What to produce:
Set the data down again, exactly as it reads, but without the pictures.

Provided records:

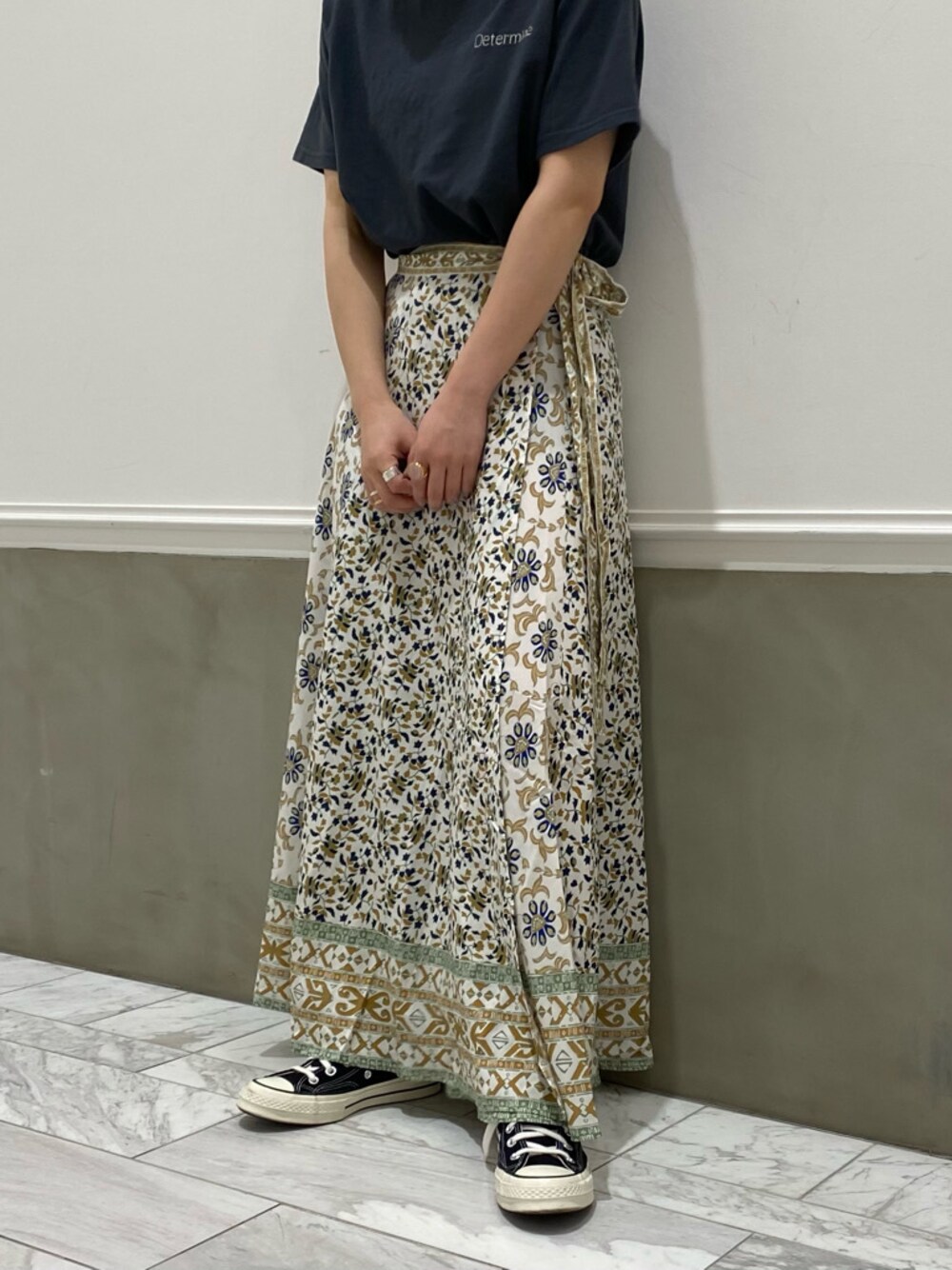 腰に巻きつけるだけの簡単ラップスカート☺︎ 着丈は151cmの私でもスニーカーで合わせれるので、身長問わず着て頂けます。ペイズリー柄がコーデの主役になること間違いなし◯ なのでTOPSはシンプルに。シンプルながら、刺繍デザインでバックスタイルが可愛い1枚で、スカートともバランスの取りやすいサイズ感です。スニーカーでカジュアルに合わせていますが、サンダルに変えると真夏スタイルも楽しめます☺︎
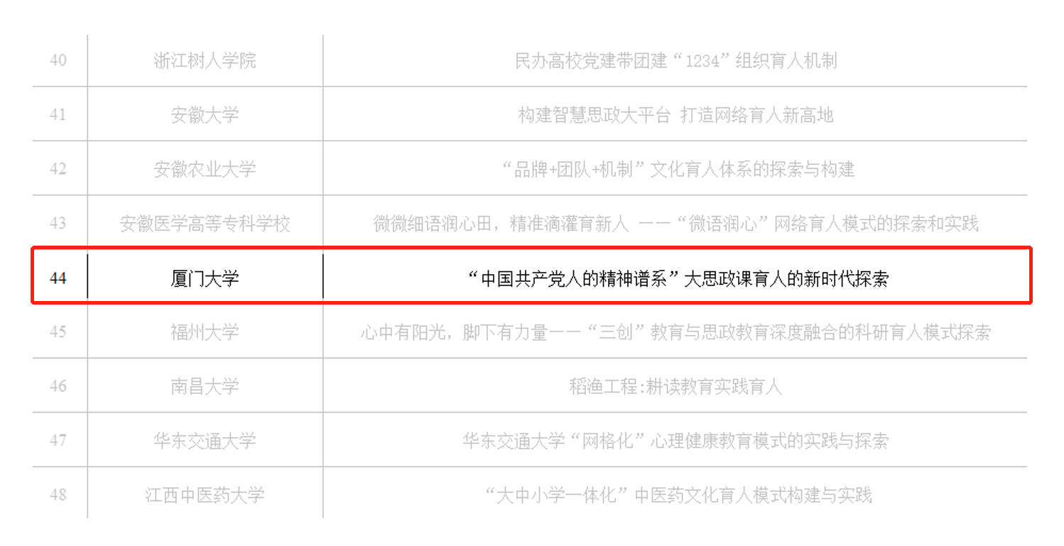 2月24日,教育部思想政治工作司正式公布2022年高校思想政治工作有关培育建设项目名单。厦门大学党委副书记、马克思主义学院院长徐进功教授牵头申报的《“中国共产党人的精神谱系”大思政课育人的新时代探索》入选教育部2022年“高校思想政治工作精品项目”,这也是我校首次获批这类项目。
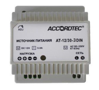 Источник питания стабилизированный с креплением на DIN рейку; U-вх. ̴100-240В, 50 Гц; U-вых.пост. 12…18 В (регул.), I-вых.пост. 3 A; Р-вых. 54 Вт; t-раб. -10…+50°C, габ.размеры 96х78х56 мм.
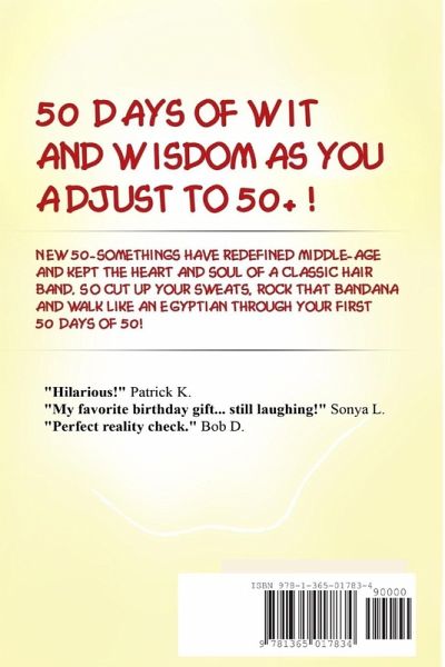 50 days of birthday wit and wisdom as you adjust to being 50. New 50 somethings have redefined middle age and kept the heart and soul of a classic hair band! So cut up your sweats, rock that bandana and walk like an Egyptian through your 50th birthday. The perfect gift for anyone turning 50 or 50 something. Looking at life through the sarcastic, cynical eyes of Generation X: The Mullet! 50 is the new 30, Caddy Shack, Erectile Dysfunction, The Breakfast Club, the blue pill, the pink pill, Smoking Hot 51 year old Bond Girl, Mall Bangs, Occasional Leakage, sex at 50, and more.
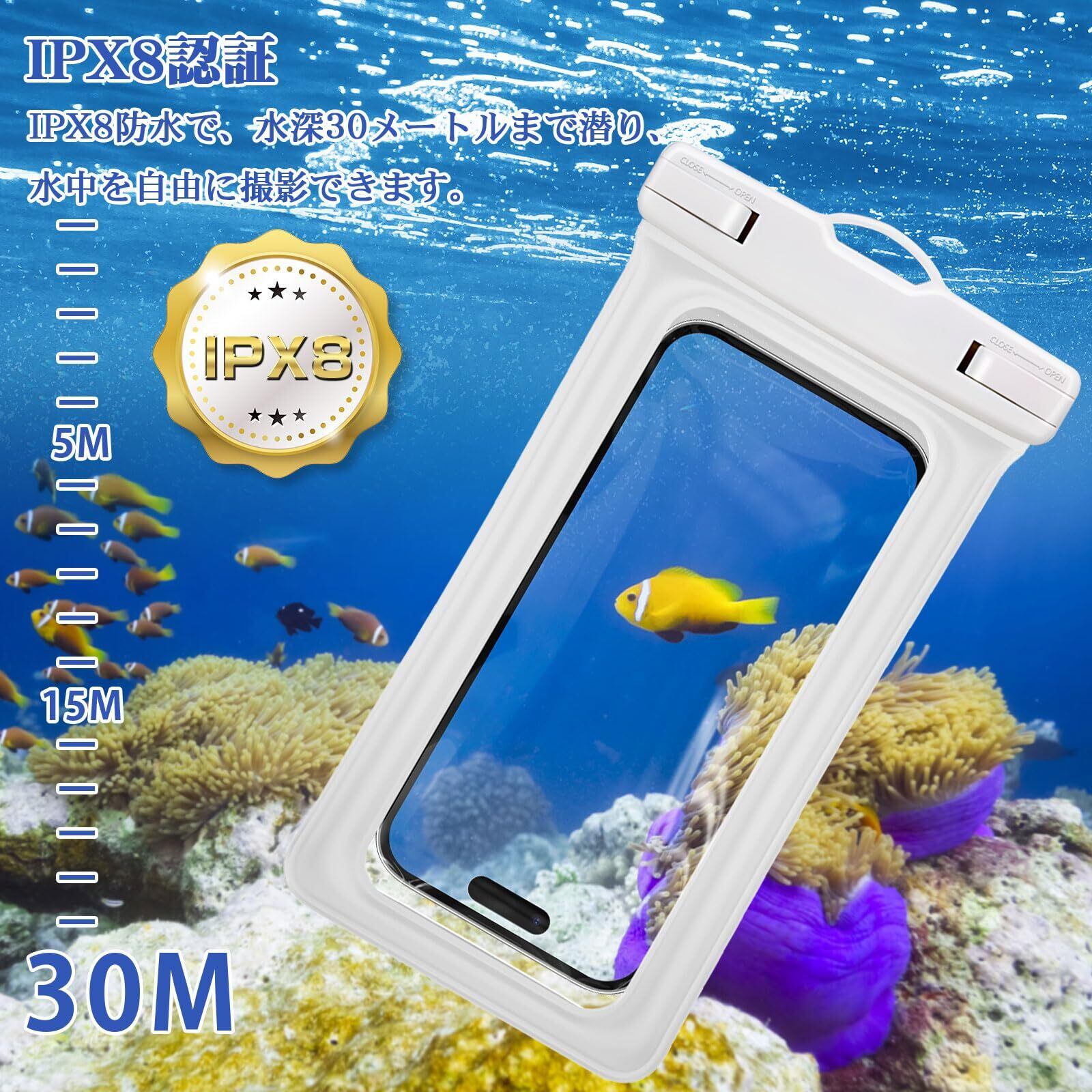 【IPX8認証】 スマホ 防水ケースはIPX8防水で、水深30メートルまで潜り、水中を自由に撮影できます。
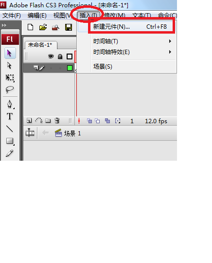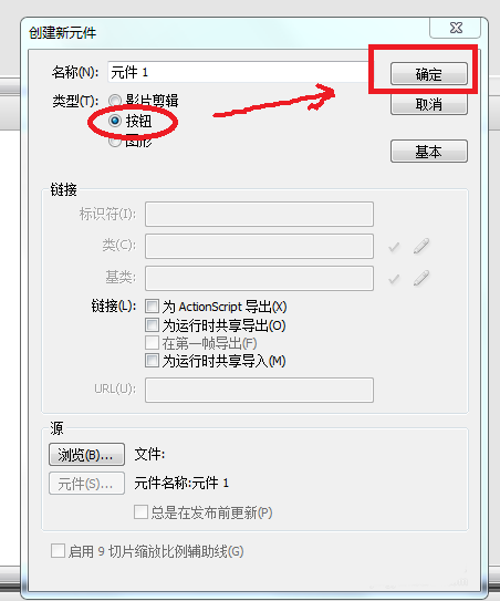 3、選擇“插入”>"新元件“命令,再打開的”創建新元件“對話框中選擇”按鈕“,然后點擊”確定“就創建好一個按鈕元件了。如圖所示。
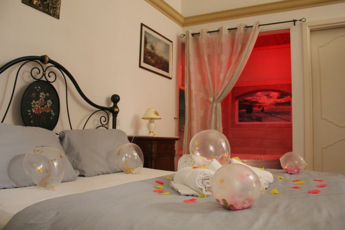 The room features a double bedroom with a shower corner surrounded by original stone walls and equipped with a chromotherapy system. It boasts floor lighting, a skylight on the barrel-vaulted ceiling, and an ancient fireplace. The suite is also equipped with air conditioning/heating, mosquito nets, bath and bed linens, a fridge, TV, Nespresso coffee machine, and a single induction hob for quick meals.
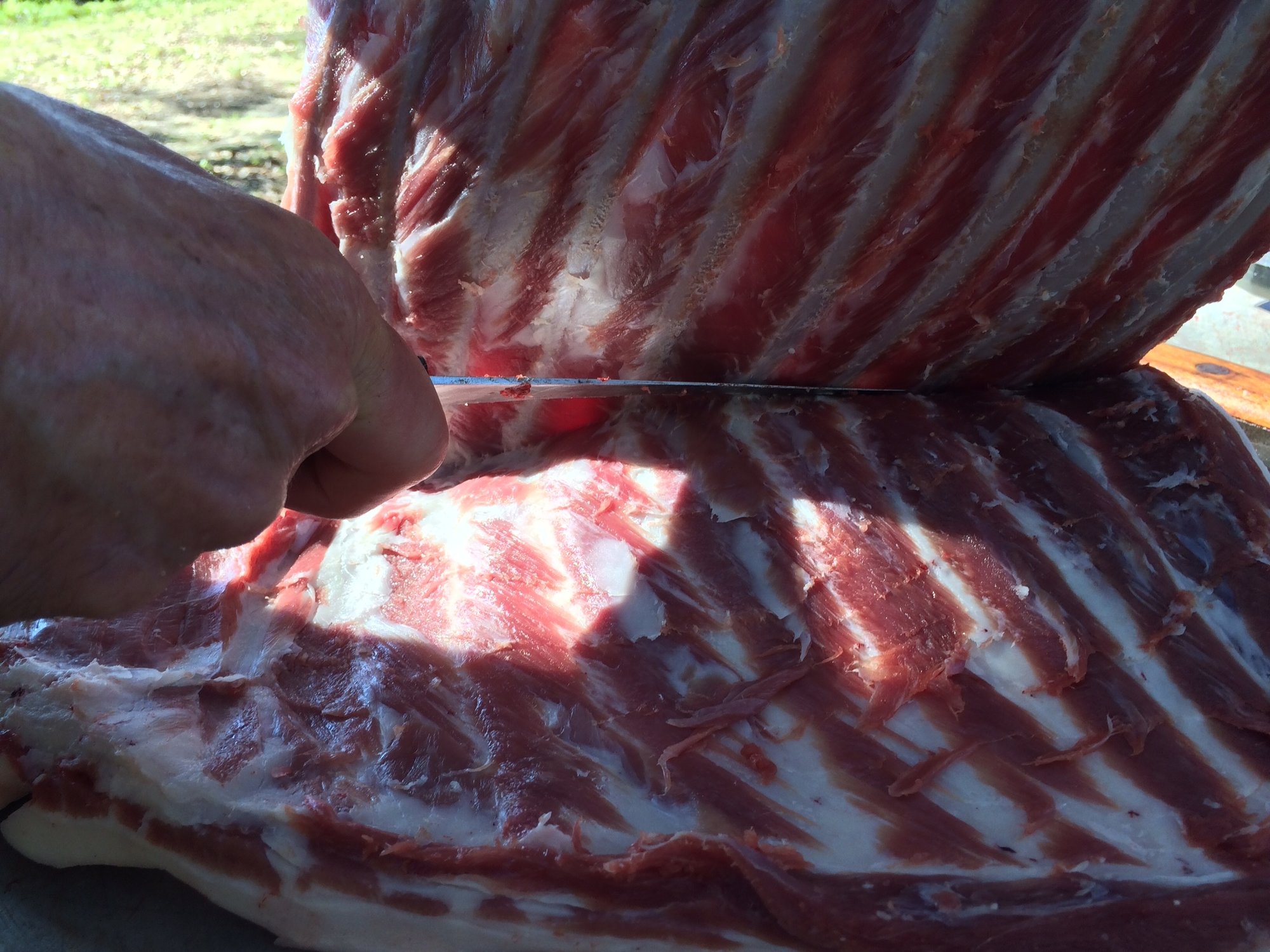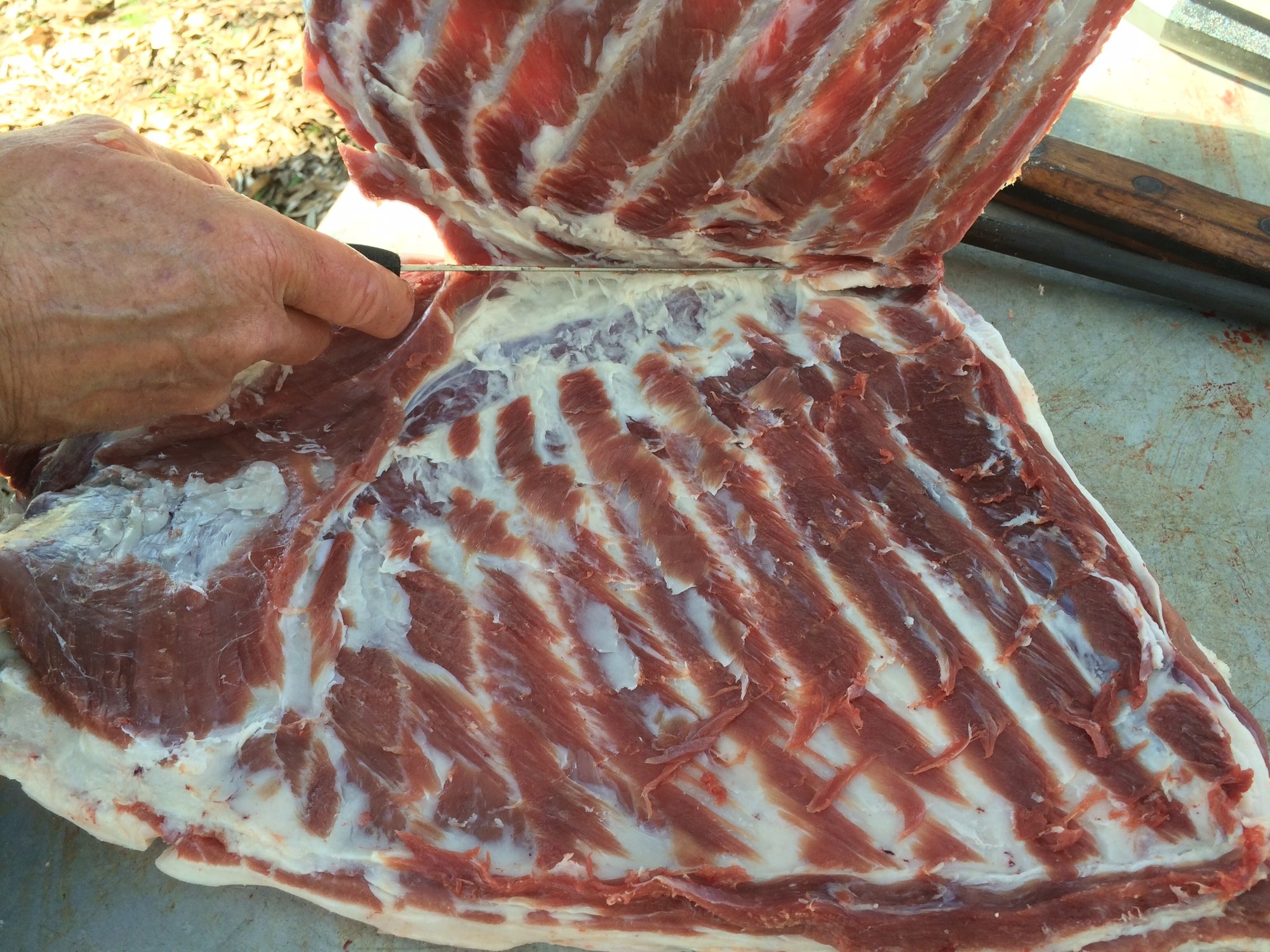 The second thing they do is use a nylon cord rib cleaner, to get all the rib meat off with the belly
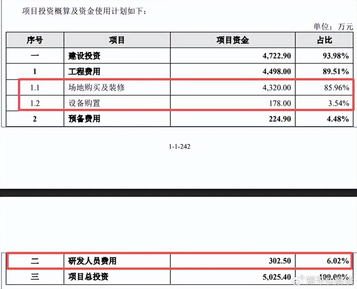 进一步来看,该项目投资重头是建设投资,金额高达4,722.90万元,占比93.98%,其中场地购买及装修高达4,320万元,占比85.96%,这样的投入比例与项目名称“研发及运营中心项目”是否匹配?
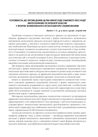- Лукіна, Т.О. (orcid.org/0000-0002-3802-6666) (2018) Readiness for the state final certification of graduates of the basic school in the form of external independent assessment In: Анотовані результати науково-дослідної роботи Інституту педагогіки НАПН України за 2018 рік . Педагогічна думка, м. Київ, Україна, p. 237. ISBN 978-966-644-464-9

Response area:
 腰に巻きつけるだけの簡単ラップスカート☺︎ 着丈は151cmの私でもスニーカーで合わせれるので、身長問わず着て頂けます。ペイズリー柄がコーデの主役になること間違いなし◯ なのでTOPSはシンプルに。シンプルながら、刺繍デザインでバックスタイルが可愛い1枚で、スカートともバランスの取りやすいサイズ感です。スニーカーでカジュアルに合わせていますが、サンダルに変えると真夏スタイルも楽しめます☺︎
 2月24日,教育部思想政治工作司正式公布2022年高校思想政治工作有关培育建设项目名单。厦门大学党委副书记、马克思主义学院院长徐进功教授牵头申报的《“中国共产党人的精神谱系”大思政课育人的新时代探索》入选教育部2022年“高校思想政治工作精品项目”,这也是我校首次获批这类项目。
 Источник питания стабилизированный с креплением на DIN рейку; U-вх. ̴100-240В, 50 Гц; U-вых.пост. 12…18 В (регул.), I-вых.пост. 3 A; Р-вых. 54 Вт; t-раб. -10…+50°C, габ.размеры 96х78х56 мм.
 50 days of birthday wit and wisdom as you adjust to being 50. New 50 somethings have redefined middle age and kept the heart and soul of a classic hair band! So cut up your sweats, rock that bandana and walk like an Egyptian through your 50th birthday. The perfect gift for anyone turning 50 or 50 something. Looking at life through the sarcastic, cynical eyes of Generation X: The Mullet! 50 is the new 30, Caddy Shack, Erectile Dysfunction, The Breakfast Club, the blue pill, the pink pill, Smoking Hot 51 year old Bond Girl, Mall Bangs, Occasional Leakage, sex at 50, and more.
 【IPX8認証】 スマホ 防水ケースはIPX8防水で、水深30メートルまで潜り、水中を自由に撮影できます。
 3、選擇“插入”>"新元件“命令,再打開的”創建新元件“對話框中選擇”按鈕“,然后點擊”確定“就創建好一個按鈕元件了。如圖所示。
 The room features a double bedroom with a shower corner surrounded by original stone walls and equipped with a chromotherapy system. It boasts floor lighting, a skylight on the barrel-vaulted ceiling, and an ancient fireplace. The suite is also equipped with air conditioning/heating, mosquito nets, bath and bed linens, a fridge, TV, Nespresso coffee machine, and a single induction hob for quick meals.
 The second thing they do is use a nylon cord rib cleaner, to get all the rib meat off with the belly
 进一步来看,该项目投资重头是建设投资,金额高达4,722.90万元,占比93.98%,其中场地购买及装修高达4,320万元,占比85.96%,这样的投入比例与项目名称“研发及运营中心项目”是否匹配?
- Лукіна, Т.О. (orcid.org/0000-0002-3802-6666) (2018) Readiness for the state final certification of graduates of the basic school in the form of external independent assessment In: Анотовані результати науково-дослідної роботи Інституту педагогіки НАПН України за 2018 рік . Педагогічна думка, м. Київ, Україна, p. 237. ISBN 978-966-644-464-9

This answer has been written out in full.